LAC is full of talented people. Earlier in the week a notice came in about a book being launched by an LAC historian which asks: Can a man betray his nation but remain true to himself?
The notion is as controversial today as in 1603. It set me thinking about Leo McKinstry's contention that a true sense of identity lies in understanding your national story.
About the book. Here is the press release.
It was in 1603 that John Ward deserted his post in the English navy, fled to North Africa and offered lessons in gunnery and naval strategy to Jihadis. In 1610 Ward converted to Islam, provoking further outrage in England.
Barbary Pirate: the Life and Crimes of Captain John Ward, a new book by local historian Greg Bak, explores the nature of heroism, nationalism and religious belief against a backdrop of thrilling sea battles and international intrigue.
The military and cultural conflicts that shaped John Ward’s life seem entirely familiar today, but parallels between Ward’s times and our own are only one reason that Bak felt compelled to tell Ward’s story.
“He’s like an old friend,” Bak explains. “Well, maybe not a friend. Maybe he’s like the stringy-haired metal-head who tormented you in high school, and who later became an elite mercenary, training suicide bombers in a terrorist camp. You read about him in the paper and you think, ‘wow, he bullied me when he was a nobody.’”
Writing Ward’s biography took five years, during which Bak moved from Massachusetts to Ottawa, traded jobs three times, bought and renovated a house in Chinatown and became a father to twin daughters.
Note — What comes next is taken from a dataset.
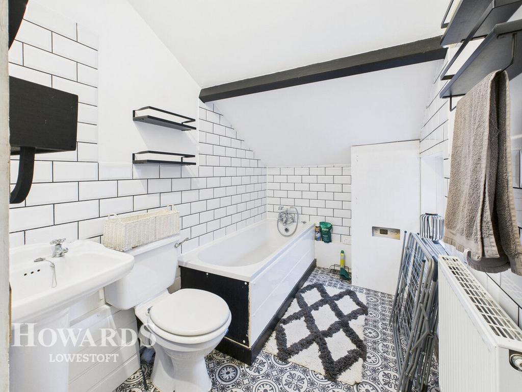 Full 3 piece suite comprising of low level w/c, pedestal sink with hot and cold taps and panelled bathtub with mixer tap and handheld showerhead, sealed unit double glazed windows, radiator, vinyl flooring.
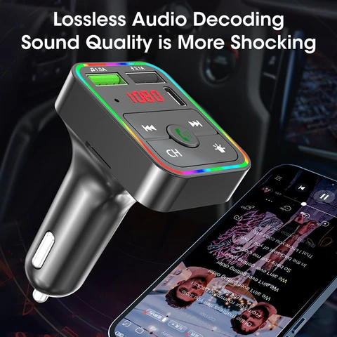 Bluetooth 5.0 FM Transmitter Car MP3 Player Atmosphere light Wireless Handsfree Audio Receiver USB Fast Charge TF U Disk play

But Bak first encountered Ward a decade earlier, while researching a PhD on English-Islamic history at Dalhousie University.
“Through to the 1800s John Ward was famous as an antihero of the age of sail,” says Bak. “Today he is virtually unknown, despite centuries of popular ballads, a play by one of Shakespeare’s contemporaries, and even a Canadian novel.”
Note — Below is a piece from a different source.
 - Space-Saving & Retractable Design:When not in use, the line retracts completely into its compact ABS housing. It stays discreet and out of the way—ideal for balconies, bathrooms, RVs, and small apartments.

Since his death he has been viewed as an exemplar of English seamanship, a blood-stained, demonic pirate captain, and an opportunistic rogue. Perhaps only now, in our own era of religious rhetoric and warfare, can we make sense of John Ward's life.
Barbary Pirate exposes the hypocrisy of the ruling classes of the seventeenth century. Officially promoting an international Christian coalition against Islam, King James and his ministers followed their own agendas.
John Ward rejected the conventional morality of his day and shaped his own destiny. Can this justify his crimes? Barbary Pirate lets readers judge for themselves.
There will be a book launch for Barbary Pirate at Collected Works Bookstore, at 1242 Wellington St. West, on Sunday May 25, at 2:00 PM.
23 May 2008
Traitor. Pirate. Modern man?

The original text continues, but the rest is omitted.